As explained in CG73600, the two taxes were introduced primarily to discourage the ‘enveloping’ of UK residential property in a corporate entity to avoid Stamp Duty Land Tax. Effective ownership of properties could be transferred without SDLT being incurred, because the asset sold would be an interest in the entity and not the property itself.

ATED is payable yearly by the envelope entity for any high-value UK residential property it owns, at a rate determined by the value of the property. “High value” properties were initially those worth in excess of £2 million, with the tax payable per year ranging from £15,000 to £140,000 according to the value of the property.
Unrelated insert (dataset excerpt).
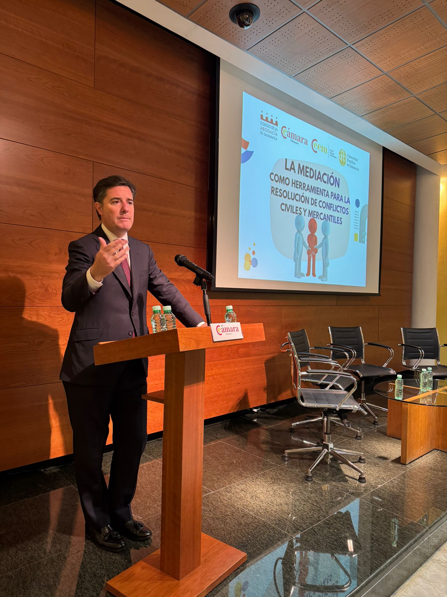El Centro Español de Mediación (CEM), la Cámara de Comercio de Salamanca, el Ilustre Colegio de la Abogacía de Salamanca y la Universidad Pontificia de Salamanca (UPSA) han celebrado la jornada “La mediación como herramienta para la resolución de conflictos civiles y mercantiles”, un encuentro orientado a compartir conclusiones y aprendizajes tras el primer año de la aprobación de la Ley Orgánica 1/2025, y a reforzar el papel de los Métodos Adecuados de Solución de Controversias (MASC), como la mediación, en la prevención y gestión eficiente de los conflictos.

Changes were announced in 2014 which have the effect of progressively reducing the threshold at which tax becomes payable from £2 million to £500,000.

ATED-related CGT applies in respect of gains accruing to these ‘envelope’ entities on disposal of such properties, to the extent that ATED has been paid on them. The legislation refers to a charge on “relevant high value disposals”.

Both ATED-related CGT and non-resident CGT apply to disposals of UK residential property held by overseas companies. Given their common target, some lobby groups called for ATED-related CGT to be abolished when plans for non-resident CGT were announced, but government Ministers made the policy decision that it was appropriate to have both taxes.

A crucial point is that the 2015 legislation provides for a charge to ATED-related CGT and the computation of ATED-related gains to take precedence over a charge to non-resident CGT in appropriate cases.

The computational rules for ATED-related CGT are set out in TCGA/Sch 4ZZA and for non-resident CGT in Sch 4ZZB (Sch 4ZZB/Part 4 is specifically concerned with NRCGT cases that involve relevant high value disposals). The 2015 legislation introduces complex rules that inter alia prevent double charging or other mismatches between the two provisions, in cases where the disposal of a UK residential property interest may fall within the scope of a charge to CGT under both heads.

This Part of the manual considers interactions between the two charges.

(These rules are relevant to disposal in the period 6 April 2015 to 5 April 2019. From 6 April 2019 there were significant changes. See the guidance at CG73920 onwards.)